Wisconsin enters the bowl season ranked in a tie for fifth nationally in scoring defense (14.8) and sixth in total defense (294.0).  Additionally, the Badgers rank sixth in stopping the run (101.3) and 12th in defending the pass (192.7).  UW also ranks No. 7 nationally and second in the Big Ten in pass efficiency defense at 105.22, which has helped the squad keep their opponents 14.9 points below their scoring average this year.  Nagurski-Woodson Big Ten Defensive Player of the Year and first-team All-American Chris Borland has been the key figure of the UW defense.  Borland has made 102 tackles this season at linebacker and ranks third in the conference with 9.3 stops per game.  He also has 8.5 TFLs and a pair of recovered fumbles this season.  In his last six full games, Borland has averaged 11.8 tackles and 1.0 tackles for loss and recorded three sacks. He posted double-digit tackles in all six of those games.  Brendan Kelly brings the pressure from the line, recording 4.5 sacks and three forced fumbles in 2013.  True freshman CB Sojourn Shelton has stepped into the leadership role in the secondary, ranking tied for second in the Big Ten with four interceptions.

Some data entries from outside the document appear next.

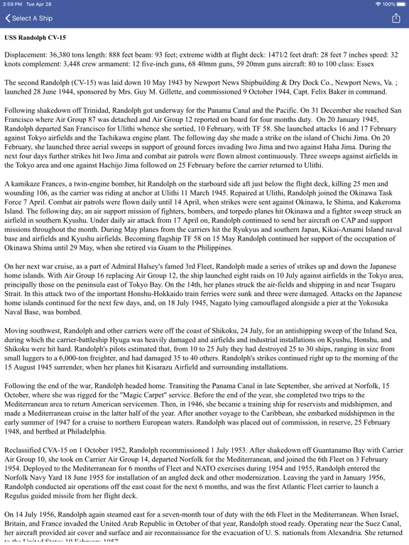 The compete history of all US Naval Ships is included in this comprehensive program. This app contains photographs of every United States Naval Aircraft Carrier, Battleship, Cruiser, Destroyer and Submarine.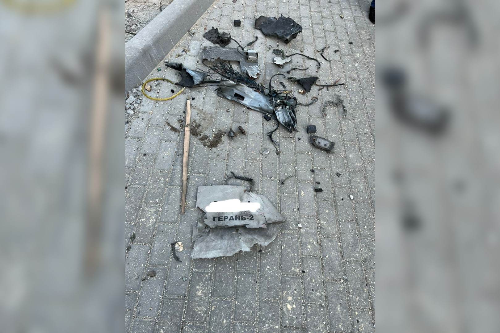 烏克蘭首都基輔市中心17日早上發生1週來第2起爆炸,基輔市市長克里契科表示,當地有數棟民宅毀損。圖為17日一架襲擊基輔的無人機殘骸。(圖/翻攝自推特@Vitaliy_Klychko)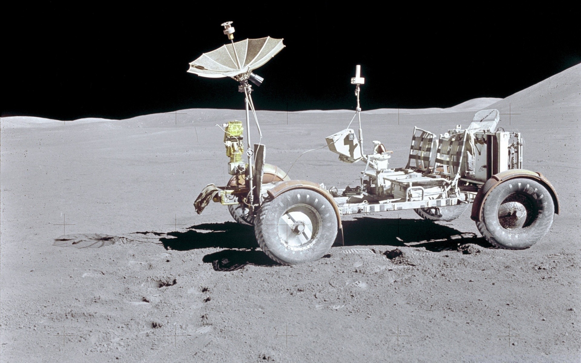Lunokhod sur la lune sur le fond de l'espace noir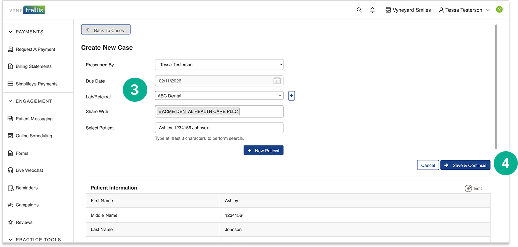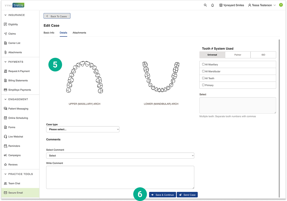 5. Enter the case details, including selection of tooth number(s), case type and comments
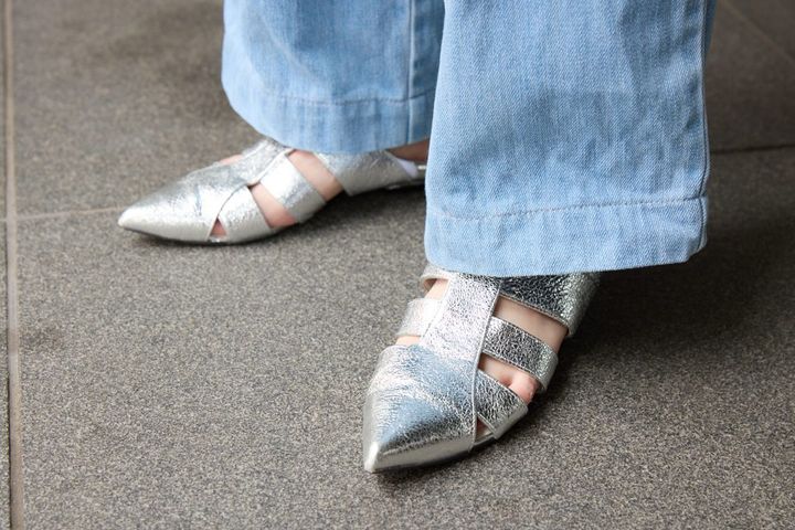 「かかとを踏んでバブーシュとしても履けるフラットシューズは、シルバーの素材感と抜け感のあるデザインに惹かれて購入。シルバー合わせで夏の黒コーデをさわやかに楽しみたいです」
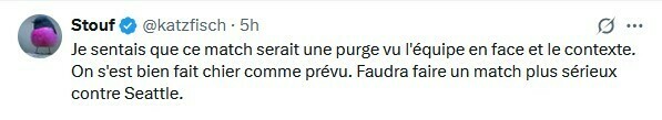 Stouf: Я чувствовал, что эта игра будет занудной, учитывая команду, с которой мы сталкивались, и контекст. Мы действительно облажались, как и ожидалось. Нам придется сыграть более серьезную игру против Сиэтла.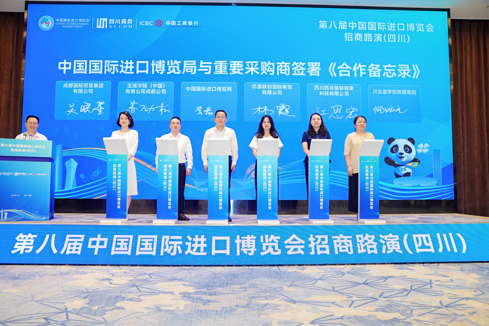 活动现场,中国国际进口博览局与成都国际贸易集团有限公司、四川西非医联健康科技有限公司、忠源联创国际商贸有限公司、玉湖冷链食品(成都)有限公司、川北医学院附属医院分别签署了重要采购商合作备忘录。

On special teams, South Carolina employs the services of Elliott Fry – the school’s first true freshman placekicker since 1996.  He is 15-for-18 in field goal attempts this season, and is ranked seventh in the SEC in scoring and fourth among kickers at 7.9 points per game.  Tyler Hull is the Gamecocks’ second-year punter, averaging 38.0 yards per punt with 10 of his 43 boots inside the 20 and a long of 55 yards. Wisconsin’s Kenzel Doe rates fifth in the Big Ten in kick return average (24.2) and seventh in punt return average (7.2).